───── Provided data

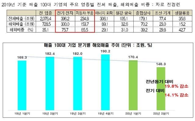 [시사뉴스 김성훈 기자] 전경련이 2019년 기준 매출액 상위 100대 기업의 연결기준 공시자료를 분석한 결과, 2020년 2분기 100대 기업 해외매출은 코로나19 팬데믹에 의한 사상 최악의 글로벌 경기 후퇴 영향으로 전년동기(2019년 2분기) 대비 19.8% 급감한 146.3조원을 기록한 것으로 나타났다. 금년 1분기의 경우, 코로나19에 의한 경제 영향이 중국, 아시아 지역에 한정되면서 전년동기(2019년 1분기) 대비 0.65% 증가한 170.4조원을 기록한 바 있다.
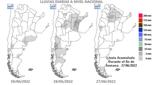 Sólo el centro sur de Santa Fe recibió lluvias destacadas el martes 28 de junio. El mayor registro fue el de Clason con 17 mm. La aguja que marca la siembra se movió tan solo un 5% en la última semana, alcanzando casi 1 M ha de las 1,43 M ha intencionadas. En el norte bonaerense se han incorporado algunos lotes esta semana, donde había algo de humedad. El avance de la región es del 70%, el más bajo de los últimos 10 años. Solo en el centro sur de Santa Fe hay posibilidades de incorporar unas 50.000 a 100.000 ha más gracias a las lluvias del último martes 28.
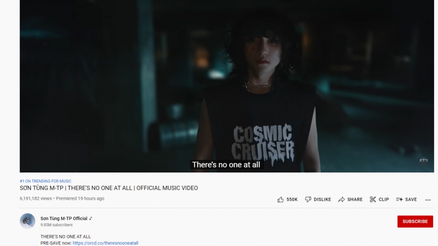 VOV.VN - Chưa đầy 24h sau khi được phát hành trên mạng, MV “There's No One At All” của Sơn Tùng M-TP đã bị 2 cơ quan quản lý phối hợp ra quyết định dừng lưu hành và có biện pháp ngăn chặn lưu hành, phổ biến.
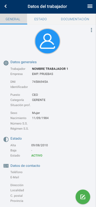 En el caso del trabajador se abrirá la ficha del trabajador donde podrá comprobar sus datos y estado en las diferentes áreas, tal y como se explica en este manual

──────────

Exercise ->
What you give back must match the material word for word, with no images included.

Exercise solution ->
 [시사뉴스 김성훈 기자] 전경련이 2019년 기준 매출액 상위 100대 기업의 연결기준 공시자료를 분석한 결과, 2020년 2분기 100대 기업 해외매출은 코로나19 팬데믹에 의한 사상 최악의 글로벌 경기 후퇴 영향으로 전년동기(2019년 2분기) 대비 19.8% 급감한 146.3조원을 기록한 것으로 나타났다. 금년 1분기의 경우, 코로나19에 의한 경제 영향이 중국, 아시아 지역에 한정되면서 전년동기(2019년 1분기) 대비 0.65% 증가한 170.4조원을 기록한 바 있다.
 Sólo el centro sur de Santa Fe recibió lluvias destacadas el martes 28 de junio. El mayor registro fue el de Clason con 17 mm. La aguja que marca la siembra se movió tan solo un 5% en la última semana, alcanzando casi 1 M ha de las 1,43 M ha intencionadas. En el norte bonaerense se han incorporado algunos lotes esta semana, donde había algo de humedad. El avance de la región es del 70%, el más bajo de los últimos 10 años. Solo en el centro sur de Santa Fe hay posibilidades de incorporar unas 50.000 a 100.000 ha más gracias a las lluvias del último martes 28.
 VOV.VN - Chưa đầy 24h sau khi được phát hành trên mạng, MV “There's No One At All” của Sơn Tùng M-TP đã bị 2 cơ quan quản lý phối hợp ra quyết định dừng lưu hành và có biện pháp ngăn chặn lưu hành, phổ biến.
 En el caso del trabajador se abrirá la ficha del trabajador donde podrá comprobar sus datos y estado en las diferentes áreas, tal y como se explica en este manual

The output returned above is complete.